WHAT YOU NEED TO DO ▸
Leave every picture out and return the rest of the listing verbatim.

RECORDED INFORMATION ▸

"""

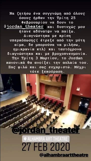 Nα ζητήσω ένα συγγνώμη απ’ όλους όσους ήρθαν την Τρίτη 25 Φεβρουαρίου να δουν το @jordan_theater και δυστυχώς μου ήταν αδύνατον να παίξω. Διαγνώστηκα με κρίση υπερκόπωσης (έτρεξε από τη μύτη μου αίμα, δεν μπορούσα να μιλήσω, ημικρανία κτλ) και ταυτόχρονα διαγνώστηκα με βραχοπνευμονία. Την Τρίτη 3 Μαρτίου το Jordan κανονικά θα ανοίξει την αυλαία του. Σας φιλώ και σας ευχαριστώ. Μέχρι τότε ξεκούραση
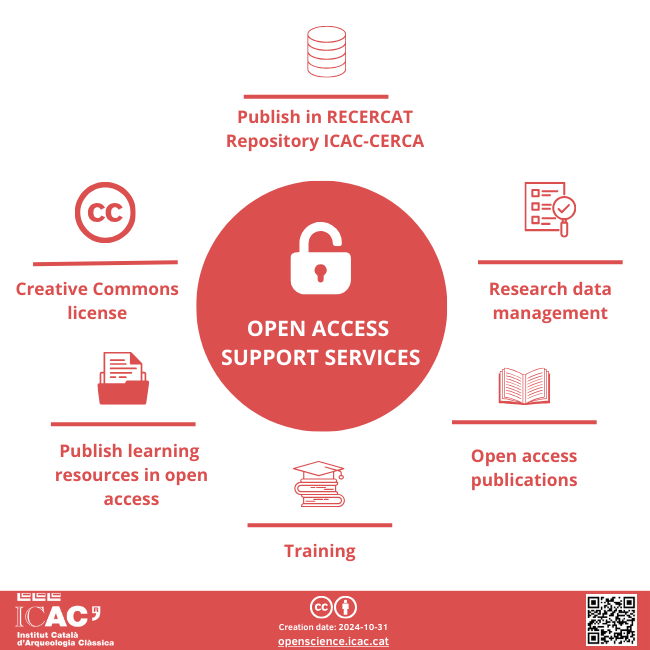 Infographic on suport services on open access at the Catalan Institute of Classical Archaeology (ICAC).
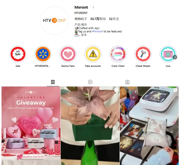 在 Instagram 这类视觉导向平台上,HTVRONT 品牌则聚焦于展示最精美、最富吸引力的成品图片和短教程视频,并在简介中直接放置官网链接,将平台作为品牌美学展示柜和官网的引流跳板。

"""

WRITTEN RESPONSE ▸
 Nα ζητήσω ένα συγγνώμη απ’ όλους όσους ήρθαν την Τρίτη 25 Φεβρουαρίου να δουν το @jordan_theater και δυστυχώς μου ήταν αδύνατον να παίξω. Διαγνώστηκα με κρίση υπερκόπωσης (έτρεξε από τη μύτη μου αίμα, δεν μπορούσα να μιλήσω, ημικρανία κτλ) και ταυτόχρονα διαγνώστηκα με βραχοπνευμονία. Την Τρίτη 3 Μαρτίου το Jordan κανονικά θα ανοίξει την αυλαία του. Σας φιλώ και σας ευχαριστώ. Μέχρι τότε ξεκούραση
 Infographic on suport services on open access at the Catalan Institute of Classical Archaeology (ICAC).
 在 Instagram 这类视觉导向平台上,HTVRONT 品牌则聚焦于展示最精美、最富吸引力的成品图片和短教程视频,并在简介中直接放置官网链接,将平台作为品牌美学展示柜和官网的引流跳板。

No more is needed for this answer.